In the past, our “season” has ended when the water temps cool and the bait leaves the inshore waters. Knowing this end was near, we prepped the kayaks and SUPs to do some nearshore bottom fishing further out than we had attempted.
The first outing yielded our first kayak/SUP uku but we had to paddle in to safety against strong winds and deal with having to keep the kayak straight in following seas. This was how that outing went.
After that successful but dangerous outing, we tried another deep drop off but the wind came up and was pushing us out to sea. We had to paddle for our lives to get in and were emotionally shook up from the realization that we would have needed to be rescued if we had become incapable of paddling hard for shore.

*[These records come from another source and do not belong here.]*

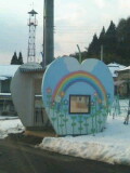 温泉行く途中にあったりんごのバス停。かわいいなあ。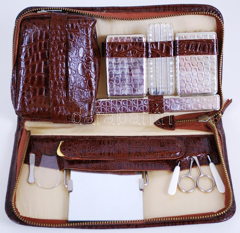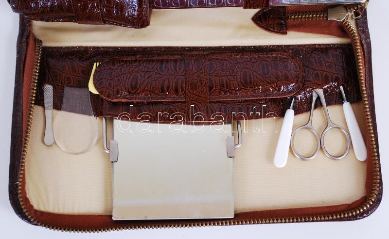 Leírás: Cca 1960 pipere készlet műbőr tokban, hiánytalan, 28×15 cm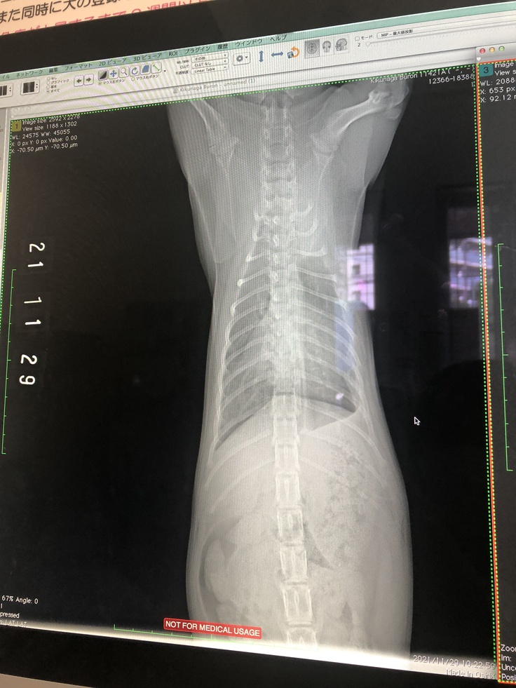 左肺が黒い部分が増え酸素が取り込めるようになったので、無気肺の危険性はないとの診断でした。心音も聞こえるようになっていました。いつ無気肺になってもおかしくないといわれていたので、少し安心しました。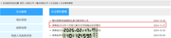 该栏目未按照更新频率进行更新维护,将近2个月未及时对栏目进行更新,未及时更新息烽县2024年12月、2025年1月孤儿基本生活保障金发放情况,建议县民政局及时收集相关信息对该栏目进行更新维护。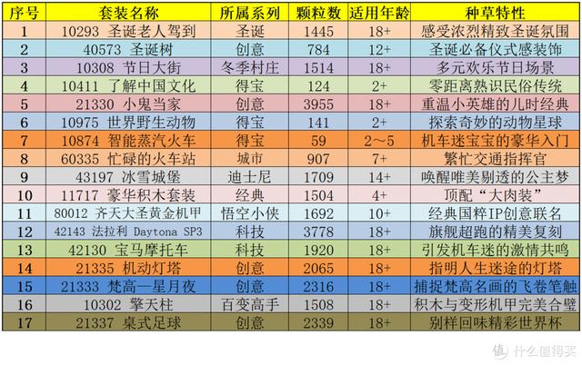 为便于大家比选,楼主梳理了17款乐高积木的概要信息一览图,名称、系列、颗粒数、适用年龄等一目了然,更有精简提炼的种草特性,让大家选购时事半功倍、便捷直达。

I had Go Bananas in Kapahulu add a rudder and some convenient bungee “trees” to my Scupper Pro, and I picked up a Garmin EchoMap 44cv fish finder/gps from West Marine on Black Friday. My hope was that the rudder would make my paddling more efficient, especially in windy conditions, the GPS would take us to nearby artificial reefs and mark hot spots, and the more advanced fish finder would accurately tell us what type of fish were below. I also got a Thule Hull-A-Port “J” style cradle to securely carry the second kayak on its side.
Our next outing was back to the deep water spot where we had gotten in trouble. This time we picked a day with almost no wind, and not much swell. The new fish finder/gps accurately told us the depth we were in, and marked what I think were fish on the bottom and a large bait school suspended from about 50ft to 100ft. Nothing was biting our jigs and I paddled further out to mark more bait. I heard Frank yell “hanapa’a” but couldn’t see what he was fighting. He tried to talk over the walkie talkie while fighting the fish but I was just getting fragments. When I paddled back to him, he was getting towed against the wind and current towards me! The fish didn’t want to tire, and he was battling it on an ancient Penn 430SS which was definitely not made to fight fish of that size. I shot video of the long fight and the very difficult landing process.
Frank will write up his recollection of the amazing, miraculous experience but here’s a preview of his catch. We still can’t believe he caught a pelagic on only our 3rd deep water outing. I jigged near the bait school for a few drops for nada and then we paddled in to take care of the prized fish.
On the next light wind day I was dying to return to the opelu / pelagic spot. Frank couldn’t make it but had designed and oversaw the process of fabricating a streamlined transducer rod and plate so I could hang the transducer over the side with as little drag as possible. This thing is work of art!
I tentatively paddled out solo but was relieved to see so many boats around and helicopters above. The bait school was deeper on this day, in 125 ft of water but again, nothing bit my jigs. I even tried trolling jigs and swimming plugs “Frank-style”.
Happy enough that all the new equipment was working well, I let the wind blow me in as I steered with the foot controlled rudder. At 100 ft I had a bite on the jig that came off. I assumed it was a hage but was still glad for that one bite. At 80ft I hooked something that felt like a small hage and winched it up. I was stunned to see a nabeta hooked on the rear treble of the Live Deception 2 oz jig with its swim bladder popped out through its gill. I marked the spot on my GPS and returned to it but couldn’t catch another fish. I’ll have to return with a proper damashi-type of setup.
My friend and fellow kayak fisher, Haru, told me how to gut the fish but leave the scales on and scrub the slime off with Hawaiian salt, then salt and pepper it before deep frying, taking it out to cool, and then frying it a second time to crisp up. My wife used a ponzu sauce and chilli pepper water Frank had given us, and that fried nabeta was ono with a non-fishy, sweet, soft texture.
So far the uku, ono and nabeta we’ve caught in deeper water have been much less fishy tasting than the papio we’ve been catching inshore. Now I understand why boaters often prefer bottom fish to reef fish.
Instead of waiting for the bait fish to return to the shallows, we’re now gearing up to target the bottom fish and pelagics of the winter season. Chee hoo!!